◆ What you are asked to do:
Among the entries, which lines carry the string "sleeve"? Copy every one.

>>>

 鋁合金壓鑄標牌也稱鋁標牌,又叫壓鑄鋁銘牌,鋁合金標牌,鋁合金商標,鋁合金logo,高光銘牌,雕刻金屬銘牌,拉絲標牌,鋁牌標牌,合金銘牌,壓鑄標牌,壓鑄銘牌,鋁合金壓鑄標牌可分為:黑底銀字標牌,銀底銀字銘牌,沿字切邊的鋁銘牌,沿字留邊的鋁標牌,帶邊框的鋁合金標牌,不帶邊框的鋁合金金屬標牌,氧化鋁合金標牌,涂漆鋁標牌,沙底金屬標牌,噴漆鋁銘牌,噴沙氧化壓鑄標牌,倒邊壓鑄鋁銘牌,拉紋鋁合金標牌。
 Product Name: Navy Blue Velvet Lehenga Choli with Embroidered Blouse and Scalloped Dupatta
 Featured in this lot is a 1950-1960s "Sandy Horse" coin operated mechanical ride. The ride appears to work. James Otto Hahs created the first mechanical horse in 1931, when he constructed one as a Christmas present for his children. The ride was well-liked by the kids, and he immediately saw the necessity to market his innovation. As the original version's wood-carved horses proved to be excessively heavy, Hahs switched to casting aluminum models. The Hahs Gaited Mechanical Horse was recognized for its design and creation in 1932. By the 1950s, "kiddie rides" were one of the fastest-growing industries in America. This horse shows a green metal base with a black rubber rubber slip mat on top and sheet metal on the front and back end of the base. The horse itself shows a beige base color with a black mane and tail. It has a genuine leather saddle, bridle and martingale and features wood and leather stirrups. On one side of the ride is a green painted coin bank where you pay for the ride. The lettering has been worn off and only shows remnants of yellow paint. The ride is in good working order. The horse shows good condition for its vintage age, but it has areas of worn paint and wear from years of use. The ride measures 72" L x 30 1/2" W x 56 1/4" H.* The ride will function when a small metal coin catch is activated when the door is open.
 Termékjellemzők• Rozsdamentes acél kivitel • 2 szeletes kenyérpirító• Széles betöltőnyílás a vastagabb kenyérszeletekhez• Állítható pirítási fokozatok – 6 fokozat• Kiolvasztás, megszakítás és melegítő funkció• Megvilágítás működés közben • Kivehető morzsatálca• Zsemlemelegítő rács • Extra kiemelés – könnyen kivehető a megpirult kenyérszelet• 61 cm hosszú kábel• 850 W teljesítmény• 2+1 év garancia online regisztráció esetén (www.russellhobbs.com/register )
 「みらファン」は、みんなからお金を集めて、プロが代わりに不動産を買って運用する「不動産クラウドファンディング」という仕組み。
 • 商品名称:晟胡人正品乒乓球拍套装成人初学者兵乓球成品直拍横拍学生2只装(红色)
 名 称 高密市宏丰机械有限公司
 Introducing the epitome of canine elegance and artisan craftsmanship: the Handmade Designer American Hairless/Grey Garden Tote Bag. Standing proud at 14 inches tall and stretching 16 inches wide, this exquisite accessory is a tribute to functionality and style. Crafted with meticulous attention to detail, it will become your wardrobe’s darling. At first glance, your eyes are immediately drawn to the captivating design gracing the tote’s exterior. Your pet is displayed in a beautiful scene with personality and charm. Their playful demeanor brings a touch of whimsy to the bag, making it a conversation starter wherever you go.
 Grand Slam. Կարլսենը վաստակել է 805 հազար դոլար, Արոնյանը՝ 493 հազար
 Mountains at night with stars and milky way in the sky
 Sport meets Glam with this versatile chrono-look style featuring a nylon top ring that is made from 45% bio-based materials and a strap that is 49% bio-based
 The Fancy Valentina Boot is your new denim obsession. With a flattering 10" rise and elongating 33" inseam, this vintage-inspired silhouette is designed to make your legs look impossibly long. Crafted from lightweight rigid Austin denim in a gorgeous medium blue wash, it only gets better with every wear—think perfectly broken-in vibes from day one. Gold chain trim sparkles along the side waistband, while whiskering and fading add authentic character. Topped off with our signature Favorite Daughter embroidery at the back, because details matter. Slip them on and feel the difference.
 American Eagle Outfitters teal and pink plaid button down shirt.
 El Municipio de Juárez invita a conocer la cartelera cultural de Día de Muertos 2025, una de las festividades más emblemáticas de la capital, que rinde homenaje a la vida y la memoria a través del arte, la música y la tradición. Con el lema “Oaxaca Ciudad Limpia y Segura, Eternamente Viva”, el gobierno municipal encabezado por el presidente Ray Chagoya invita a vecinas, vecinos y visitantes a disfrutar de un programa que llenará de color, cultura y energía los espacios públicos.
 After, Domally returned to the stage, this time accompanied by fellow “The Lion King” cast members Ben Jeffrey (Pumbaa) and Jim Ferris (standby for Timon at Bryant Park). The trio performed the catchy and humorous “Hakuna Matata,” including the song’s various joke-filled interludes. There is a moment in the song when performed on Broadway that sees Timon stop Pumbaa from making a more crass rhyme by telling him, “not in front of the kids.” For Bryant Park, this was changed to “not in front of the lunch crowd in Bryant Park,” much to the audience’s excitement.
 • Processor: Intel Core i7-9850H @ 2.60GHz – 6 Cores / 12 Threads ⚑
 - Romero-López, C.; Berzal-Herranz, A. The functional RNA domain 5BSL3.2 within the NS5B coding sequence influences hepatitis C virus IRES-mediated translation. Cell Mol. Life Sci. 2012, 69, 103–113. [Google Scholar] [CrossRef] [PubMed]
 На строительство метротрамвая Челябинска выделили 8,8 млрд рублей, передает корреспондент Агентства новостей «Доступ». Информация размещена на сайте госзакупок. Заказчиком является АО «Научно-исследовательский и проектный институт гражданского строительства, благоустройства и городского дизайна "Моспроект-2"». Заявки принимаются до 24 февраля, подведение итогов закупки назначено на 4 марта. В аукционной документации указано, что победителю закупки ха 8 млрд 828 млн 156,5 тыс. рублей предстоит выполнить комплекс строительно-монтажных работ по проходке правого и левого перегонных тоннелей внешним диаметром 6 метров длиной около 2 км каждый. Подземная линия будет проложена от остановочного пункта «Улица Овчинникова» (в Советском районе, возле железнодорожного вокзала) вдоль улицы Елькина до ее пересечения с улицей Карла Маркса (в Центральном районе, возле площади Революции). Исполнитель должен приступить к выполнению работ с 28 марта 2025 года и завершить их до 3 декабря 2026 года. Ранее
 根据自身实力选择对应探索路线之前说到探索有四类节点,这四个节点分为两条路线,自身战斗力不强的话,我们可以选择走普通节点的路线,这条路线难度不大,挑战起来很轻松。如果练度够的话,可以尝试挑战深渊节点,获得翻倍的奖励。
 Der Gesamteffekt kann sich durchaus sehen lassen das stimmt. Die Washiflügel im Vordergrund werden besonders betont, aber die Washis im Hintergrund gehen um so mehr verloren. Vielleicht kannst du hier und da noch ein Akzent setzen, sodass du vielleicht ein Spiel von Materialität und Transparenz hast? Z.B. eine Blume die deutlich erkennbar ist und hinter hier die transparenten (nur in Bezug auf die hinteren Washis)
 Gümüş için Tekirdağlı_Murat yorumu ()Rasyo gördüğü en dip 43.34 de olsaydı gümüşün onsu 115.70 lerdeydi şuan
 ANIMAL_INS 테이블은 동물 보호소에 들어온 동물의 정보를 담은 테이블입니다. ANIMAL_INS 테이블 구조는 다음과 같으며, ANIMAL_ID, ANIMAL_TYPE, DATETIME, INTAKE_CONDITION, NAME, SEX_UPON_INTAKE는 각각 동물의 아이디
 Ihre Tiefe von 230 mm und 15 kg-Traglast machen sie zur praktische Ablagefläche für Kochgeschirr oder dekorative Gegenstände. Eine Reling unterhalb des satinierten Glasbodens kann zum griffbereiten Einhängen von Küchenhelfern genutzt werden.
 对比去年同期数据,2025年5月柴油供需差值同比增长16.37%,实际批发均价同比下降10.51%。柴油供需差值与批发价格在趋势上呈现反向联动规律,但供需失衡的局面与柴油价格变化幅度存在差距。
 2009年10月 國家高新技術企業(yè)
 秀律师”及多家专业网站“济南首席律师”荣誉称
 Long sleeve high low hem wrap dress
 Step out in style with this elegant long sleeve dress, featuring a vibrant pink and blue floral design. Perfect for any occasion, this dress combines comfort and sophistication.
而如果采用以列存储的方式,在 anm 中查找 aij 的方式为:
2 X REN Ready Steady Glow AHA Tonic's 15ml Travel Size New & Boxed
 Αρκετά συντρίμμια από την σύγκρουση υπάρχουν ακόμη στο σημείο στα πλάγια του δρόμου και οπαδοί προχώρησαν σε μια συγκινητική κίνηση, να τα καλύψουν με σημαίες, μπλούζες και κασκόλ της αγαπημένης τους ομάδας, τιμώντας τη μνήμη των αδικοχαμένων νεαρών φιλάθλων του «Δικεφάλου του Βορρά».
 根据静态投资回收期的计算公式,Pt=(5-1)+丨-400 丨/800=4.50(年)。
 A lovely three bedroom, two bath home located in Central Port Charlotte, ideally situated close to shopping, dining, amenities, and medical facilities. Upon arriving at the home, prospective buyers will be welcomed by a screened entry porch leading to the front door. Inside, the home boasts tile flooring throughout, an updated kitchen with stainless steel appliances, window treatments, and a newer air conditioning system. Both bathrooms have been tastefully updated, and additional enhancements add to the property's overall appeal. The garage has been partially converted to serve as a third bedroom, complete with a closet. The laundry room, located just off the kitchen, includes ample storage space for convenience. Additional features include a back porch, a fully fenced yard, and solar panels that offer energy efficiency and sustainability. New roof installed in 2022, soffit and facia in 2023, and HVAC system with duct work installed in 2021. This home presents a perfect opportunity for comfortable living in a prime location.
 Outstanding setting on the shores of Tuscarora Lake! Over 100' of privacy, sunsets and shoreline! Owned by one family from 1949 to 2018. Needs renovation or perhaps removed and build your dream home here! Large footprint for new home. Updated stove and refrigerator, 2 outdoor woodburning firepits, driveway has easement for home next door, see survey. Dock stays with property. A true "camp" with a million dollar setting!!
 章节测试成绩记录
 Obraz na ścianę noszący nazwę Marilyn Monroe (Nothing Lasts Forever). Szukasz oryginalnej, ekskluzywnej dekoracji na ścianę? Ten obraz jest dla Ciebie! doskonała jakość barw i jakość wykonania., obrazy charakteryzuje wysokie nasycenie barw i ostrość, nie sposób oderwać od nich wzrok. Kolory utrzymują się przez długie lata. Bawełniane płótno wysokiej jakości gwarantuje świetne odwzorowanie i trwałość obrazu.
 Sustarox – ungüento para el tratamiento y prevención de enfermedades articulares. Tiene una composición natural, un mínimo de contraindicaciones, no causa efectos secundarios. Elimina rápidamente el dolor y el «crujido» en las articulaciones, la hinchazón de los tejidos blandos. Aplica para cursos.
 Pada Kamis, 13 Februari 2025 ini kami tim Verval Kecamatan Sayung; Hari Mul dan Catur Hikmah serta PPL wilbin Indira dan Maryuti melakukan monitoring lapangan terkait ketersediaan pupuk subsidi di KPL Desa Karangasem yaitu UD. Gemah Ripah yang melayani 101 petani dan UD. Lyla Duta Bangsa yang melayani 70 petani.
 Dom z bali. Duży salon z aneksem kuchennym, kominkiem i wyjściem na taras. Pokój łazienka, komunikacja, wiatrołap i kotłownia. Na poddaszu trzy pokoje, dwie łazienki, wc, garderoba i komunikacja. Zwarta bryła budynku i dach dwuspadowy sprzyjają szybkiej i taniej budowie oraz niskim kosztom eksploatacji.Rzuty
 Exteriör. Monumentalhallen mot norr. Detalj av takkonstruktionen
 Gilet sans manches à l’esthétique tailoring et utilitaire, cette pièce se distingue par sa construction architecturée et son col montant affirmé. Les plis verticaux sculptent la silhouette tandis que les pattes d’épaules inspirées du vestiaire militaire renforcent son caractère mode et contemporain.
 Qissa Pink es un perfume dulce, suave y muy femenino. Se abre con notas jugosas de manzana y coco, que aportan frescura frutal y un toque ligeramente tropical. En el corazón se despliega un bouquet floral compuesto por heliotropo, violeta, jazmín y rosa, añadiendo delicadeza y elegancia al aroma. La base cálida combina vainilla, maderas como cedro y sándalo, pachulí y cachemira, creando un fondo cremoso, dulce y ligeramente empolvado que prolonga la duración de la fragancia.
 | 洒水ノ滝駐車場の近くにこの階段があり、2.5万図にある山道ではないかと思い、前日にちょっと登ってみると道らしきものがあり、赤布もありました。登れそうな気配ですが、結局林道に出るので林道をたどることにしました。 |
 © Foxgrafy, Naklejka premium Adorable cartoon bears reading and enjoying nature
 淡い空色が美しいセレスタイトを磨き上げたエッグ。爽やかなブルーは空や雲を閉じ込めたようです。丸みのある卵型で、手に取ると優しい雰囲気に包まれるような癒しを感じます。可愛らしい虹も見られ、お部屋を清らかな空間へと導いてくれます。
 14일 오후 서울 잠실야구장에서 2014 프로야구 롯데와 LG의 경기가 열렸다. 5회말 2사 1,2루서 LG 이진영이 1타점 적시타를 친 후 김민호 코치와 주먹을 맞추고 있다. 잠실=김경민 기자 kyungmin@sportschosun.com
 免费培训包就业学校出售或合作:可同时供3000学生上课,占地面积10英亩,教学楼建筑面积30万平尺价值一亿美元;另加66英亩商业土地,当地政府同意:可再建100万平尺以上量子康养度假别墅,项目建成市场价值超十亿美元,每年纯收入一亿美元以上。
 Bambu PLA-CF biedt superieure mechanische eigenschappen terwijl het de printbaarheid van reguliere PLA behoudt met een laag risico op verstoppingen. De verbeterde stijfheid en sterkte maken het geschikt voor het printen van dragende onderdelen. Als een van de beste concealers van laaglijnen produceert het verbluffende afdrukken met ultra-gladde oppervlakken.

<<<

◆ Solution for this task:
 Long sleeve high low hem wrap dress
 Step out in style with this elegant long sleeve dress, featuring a vibrant pink and blue floral design. Perfect for any occasion, this dress combines comfort and sophistication.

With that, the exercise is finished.